While Chanel struggles to keep her livelihood intact, Paris sinks under the iron fist of German rule. Chanel—a woman made of sparkling granite—will do anything to survive. She will even agree to collaborate with the Nazis in order to protect her darkest secrets. When she is covertly recruited by Germany to spy for the Reich, she becomes Agent F-7124, code name: Westminster. But why? And to what lengths will she go to keep her stormy past from haunting her future?

My 5 Star Review:

As a lover of historical fiction – and my fascination with Coco Chanel, I found this story riveting. If you Google up Coco Chanel and her ‘colorful’ past, you will find all the elements this author covered in the book that seem accurate as much as we can learn about this mysterious woman and her shenanigans. The said facts are woven into this telling about this intriguing woman, her tragic beginnings and love life, and the evolution of her couture and infamous fragrance, Chanel #5, and how far she’d go to protect it.

Gabrielle Chanel came from a poor family and when her mother died Gabrielle was twelve years old, and was sent to live in a nun’s convent/orphanage where she had to work and scrub the abbey floors because she was poor. Once freed, she started singing in cabaret halls and rubbed shoulders with some elite along her path, and ultimately, became part of an elite group of mistresses where she made some colorful liasons. It was a song she sang at the cabarets that inspired her new name – Coco. Chanel’s shmoozing with the elite as a mistress, had her falling in love with Boy Capel, who would turn out to be the one and only love of her life, which was really a tragic love story on so many levels.

She was a clever woman who made her mark when she made up a hat she wore around her elite friends in the early 1900s, and the hat was the beginning of her millinery career, created because of her determination to make her own money to stop being beholden to rich men. It was her lover, Boy Capel who helped her eventually set up shop for her couture business that followed her millinery beginnings.

A few years later, Coco met up with a perfumer, she commissioned him to come up with a scent to match her designs, and after assessing five certain scents, she fell in love with the fifth one and five, being her favorite number for various reasons, became her signature scent. To move this product along, Chanel had already met some people in high society and they hooked her up making a deal with Jewish marketing brothers, Pierre and Paul Wertheimer to run the company of Chanel perfumes.
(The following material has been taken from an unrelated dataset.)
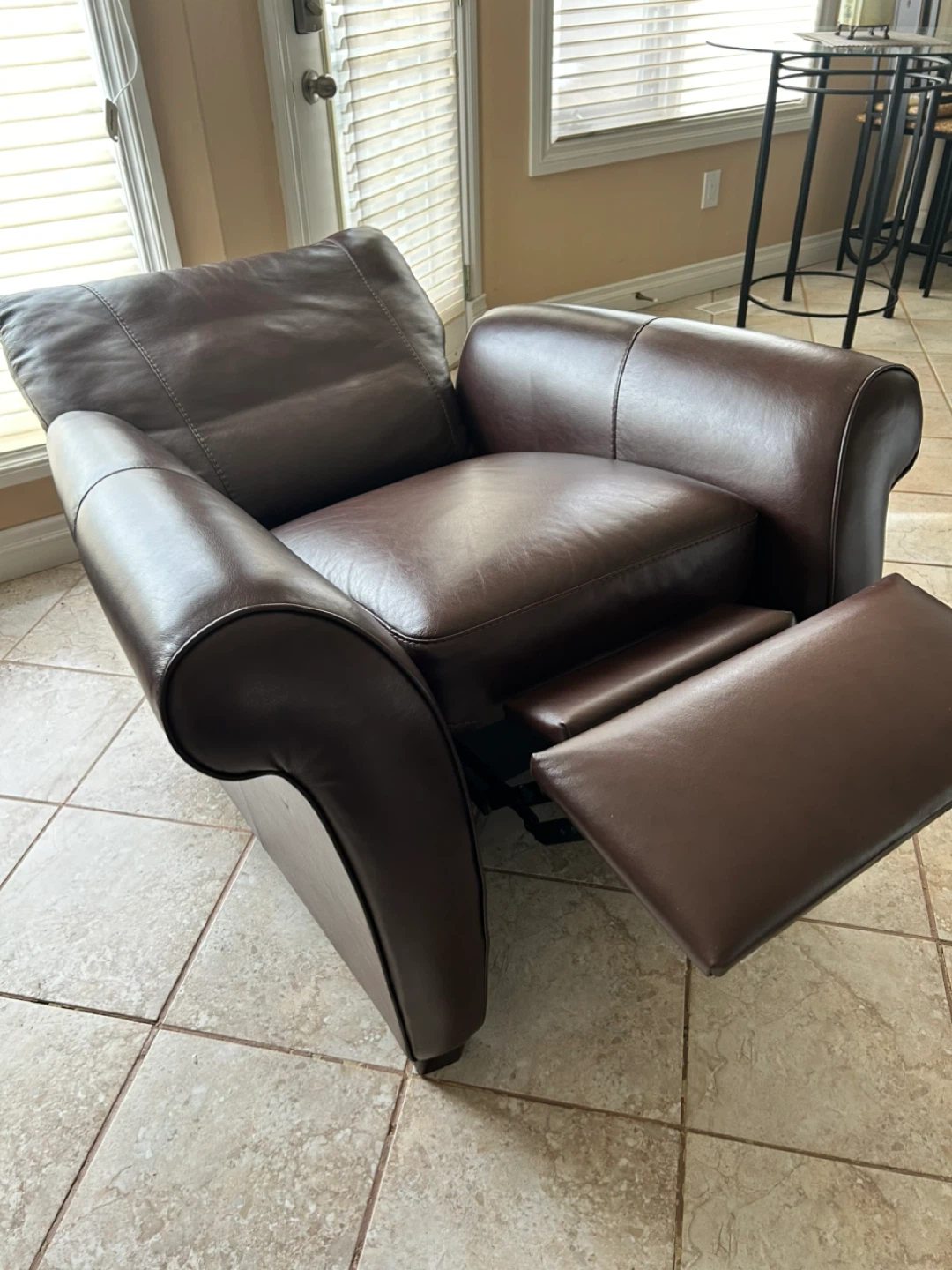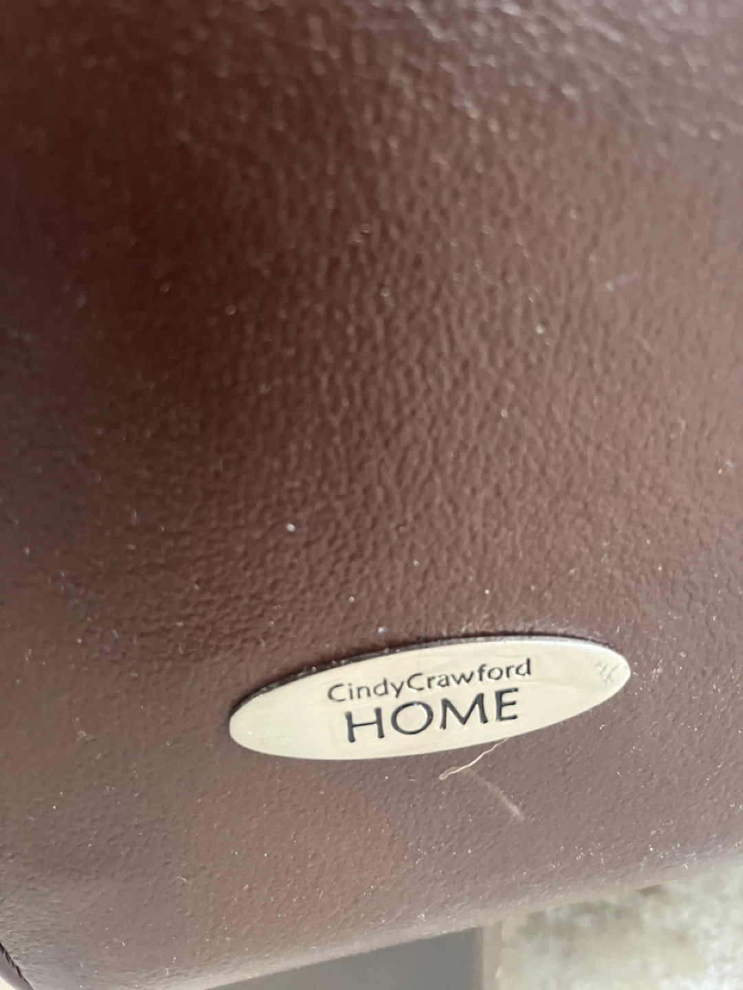 Comfortable brown leather reclining armchair from Cindy Crawford HOME. It's upholstered in rich, dark brown leather with a plush seat and rolled arms. This chair offers a classic look for any living space.

Chanel was given only a 10% cut of her own product, but with no money of her own, this venture helped begin her empire.

The history of the making of this perfume is interesting enough, but with all the hob-nobbing Chanel was involved with, this book takes us into her world once WWII was approaching and her Jewish partners who had fled France to the United States just before the war began spreading into France. They fled with the ‘secret recipe’ and locked down all the Jasmine fields in and around Grasse, Provence with buying off perfumers to make sure the product wouldn’t be altered by inferior or synthetic ingredients, and Chanel couldn’t get to them first.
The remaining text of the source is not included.